Терминологический аппарат
Проблема оценки качества перевода вообще и художественного перевода, в частности, является одной из наиболее актуальных и наименее разработанных в современной теории перевода. Во избежание ошибок в продукте какой-либо деятельности необходимо иметь эталон идеального продукта данной деятельности, выявить и классифицировать возможные погрешности, а также разработать алгоритм поиска и устранения этих погрешностей. В этом отношении обоснованными представляются требования к переводу, составленные Л. К. Латышевым на основе рекомендаций ведущих отечественных и зарубежных переводоведов. Перечислим отдельные из них: «Переводной текст должен максимально полно воспроизводить не только смысл и содержание оригинала, но и его структуру, стиль и особенности речи автора ... ; текст перевода должен быть таким, чтобы он мог использоваться так, как будто он есть оригинал, и, в частности, чтобы он мог цитироваться как слова автора; по тексту перевода не должно быть видно его „иностранное" происхождение, или, иными словами, язык переводного текста должен быть в принципе таким же, как и язык непереводного (оригинального) текста.
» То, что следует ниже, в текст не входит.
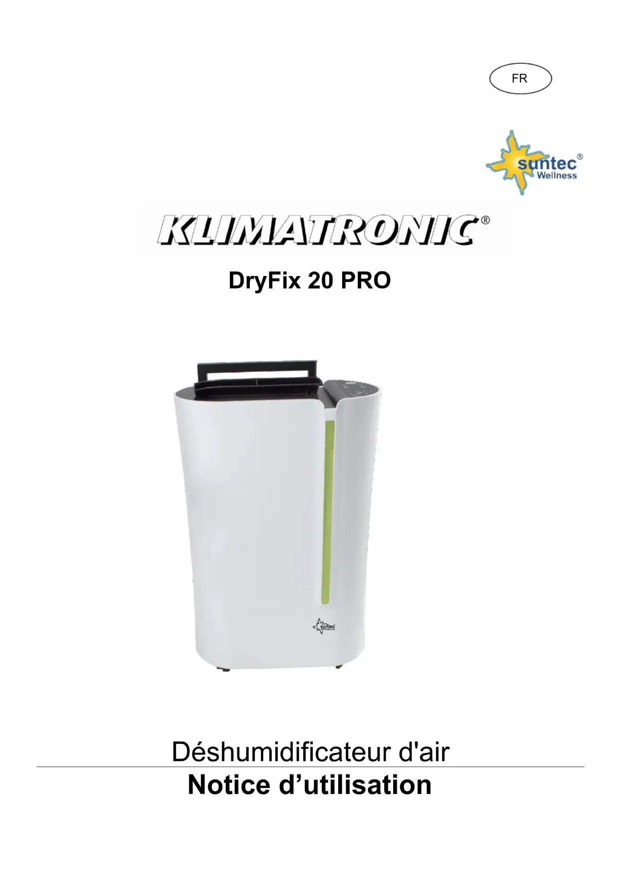 retirez la prise et placez-le dans un endroit sec, frais et sûr.Traitement des problèmes Problème Cause Solution La capacité de déshumidification de l'appareil est très faible en cas de basses températures. Cela est tout à fait normal. Le compresseur déshumidifie l'air de manière optimale lorsque la température ambiante est >15 °C. Si la température est inférieure à 15 °C et que le degré d'humidité de l'air est inférieur à celui réglé, l'appareil ne peut absorber aucune humidité de l'air. De l'air froid et/ou chaud sort de la sortie d'air. Cela est tout à fait normal. Pendant la mise en service, l'humidité de l'air est absorbée et gelée afin de réduire le degré d'humidité dans la pièce. Le voyant de réservoir d'eau plein est activé. Le réservoir est plein ou n'est pas installé correctement dans l'appareil. Videz l'eau du réservoir et assurez-vous que le réservoir est bien mis en place. L'appareil ne fonctionne pas. L'appareil n'est pas raccordé à une source de courant. Branchez l'appareil sur une prise et appuyez sur la touche Power. Les lamelles ne s'ouvrent pas. Le moteur des lamelles est bloqué. Veuillez regarder ce qui bloque les lamelles. Essayez de bouger avec précaution les lamelles vers le haut et le bas pendant que l'appareil est à l'arrêt. Si cela ne fonctionne pas, rapportez l'appareil à votre revendeur. L'appareil ne déshumidifie pas. L'humidité de l'air dans la pièce est- elle inférieure à celle réglée ? Veuillez contrôler les réglages de l'appareil. La température de la pièce est-elle trop faible ? Veuillez essayer d'augmenter la température de la pièce ou déplacez l'appareil dans une autre pièce. La sortie d'air est- elle bloquée ? La distance entre l'appareil et le mur est-elle trop petite ? L'appareil doit être installé à une distance minimale de 20 cm du mur ou d'autres obstacles. La circulation de l'air est très faible. Le filtre à air est-il sale ou obstrué ? Veuillez nettoyer le filtre régulièrement comme indiqué dans la notice d'utilisation. Bruits forts pendant la mise en service. L'appareil est-il posé sur une surface penchée ou instable ? Veuillez placer l'appareil sur une surface plane et de niveau. Le filtre à air est-il sale ? Nettoyez le filtre à air comme indiqué dans la notice d'utilisation. E3 ou E4 Erreur du capteur d'humidité Débranchez la prise et laissez refroidir l'appareil pendant min. 10 minutes. Celui-ci peut ensuite être remis en service. Si le même problème se produit à nouveau, veuillez contacter votre revendeur. E1 ou E2 Erreur du capteur de température Débranchez la prise et laissez refroidir l'appareil pendant min. 10 minutes. Celui-ci peut ensuite être remis en service. Si le même problème se produit à nouveau, veuillez contacter votre revendeur. E5 ou E6 Dysfonctionnement du capteur interne Débranchez la prise et laissez refroidir l'appareil pendant min. 10 minutes. Celui-ci peut ensuite être remis en service. Si le même problème se produit à nouveau, veuillez contacter votre revendeur.Le voyant « Defrost » est activé, le fonctionnement est constamment interrompu. La fonction de protection contre le gel est activée. Veuillez patienter jusqu'à ce que la fonction de protection contre le gel soit désactivée automatiquement. Augmentez la température dans la pièce si ce problème se produit régulièrement. Caractéristiques techniques MODÈLE CARACTÉRISTIQUES TECH. DryFix 20 PRO Capacité de déshumidification (litre/jour à 30 °C et humidité de l'air de 80 %) 20 l Courant absorbé 365W Puissance absorbée 220 V-240 V/50 Hz Dimensions du boîtier 380 x 580 x 195 mm Poids 14,3 kg Agent réfrigérant R290 Intensité du courant 1,2A Degré de déshumidification 35 % – 80 % Agent réfrigérant (CE) N 842/2006 : Ce déshumidificateur d'air contient l'agent réfrigérant R290. La quantité d'agents réfrigérants est cependant inférieure à 1 kg et se trouve dans un circuit de réfrigération fermé. Certes, l'agent réfrigérant ne présente pas de potentiel de destruction de l'ozone mais est, selon le protocole de Kyoto, un gaz dit à effet de serre et peut ainsi contribuer au réchauffement terrestre, si toutefois libéré dans l'atmosphère. C'est pourquoi seuls des techniciens formés et disposant d'un certificat de qualification professionnel de technicien en froid peuvent procéder au remplissage ou à la vidange. Dans le cadre d'une utilisation en bonne et due forme et un circuit d'agent réfrigérant en bon état, il ne faut pas rajouter d'agent réfrigérant à votre déshumidificateur d'air Suntec. R290, GWP: 3, 75g = 0.000225t CO2e Déclaration de conformité CE L'appareil est conforme aux principales exigences relatives à la sécurité et à la santé de l'Union européenne. La déclaration de conformité CE est la base du marquage CE de cet appareil. Par la parution de la présente notice d'utilisation, toutes celles précédemment émises perdent leur validité. SUNTEC, SUNTEC Wellness, KLIMATRONIC et le logo sous forme de soleil sont des marques déposées. © 2020/01 SUNTEC WELLNESS GMBH. Informations relatives à la protection de l'environnement Ce symbole indique que le produit ne doit pas être éliminé comme des déchets ménagers au sein de l'UE. Pour éviter d'éventuels dommages pour l'environnement et la santé des personnes, éliminez l'appareil de manière responsable afin de promouvoir la réutilisation durable des ressources matérielles. Veuillez ramener votre produit usagé dans les points de collecte ou adressez-vous au magasin où vous avez acheté l'appareil. Le produit peut ainsi être recyclé de manière écologique et sûre. Aucune responsabilité n'est prise pour des erreurs d’impression et en cas d'erreurs.

Переводной текст должен восприниматься читателем или слушателем так же, как он воспринимал бы текст оригинала, если бы владел соответствующим языком» [Латышев 2000: 16]. С. В. Тюленев, в свою очередь, предлагает следующие требования к качественному переводу: 1. Перевод должен верно отражать фактическую сторону оригинала, т.е. правильно передавать план содержания, заключенную в нем информацию. 2. Перевод должен верно отражать цель создания оригинала (прагматический аспект). 3. Перевод должен воспроизводить «тон и важнейшие стилистические особенности оригинала», т.е. точно указывать на принадлежность оригинала тому или иному функциональному стилю; 4. Перевод должен точно доносить авторское отношение к представленному в тексте предмету [ср.: Тюленев 2004: 146-147].
Соглашаясь с предложенными критериями оценки качества перевода, мы переходим к характеристике терминов эквивалентность и адекватность перевода, аккумулирующими все перечисленные выше требования к качественному переводу. Подробно остановимся на первом понятии, на сегодняшний день наиболее устоявшемся и разработанном.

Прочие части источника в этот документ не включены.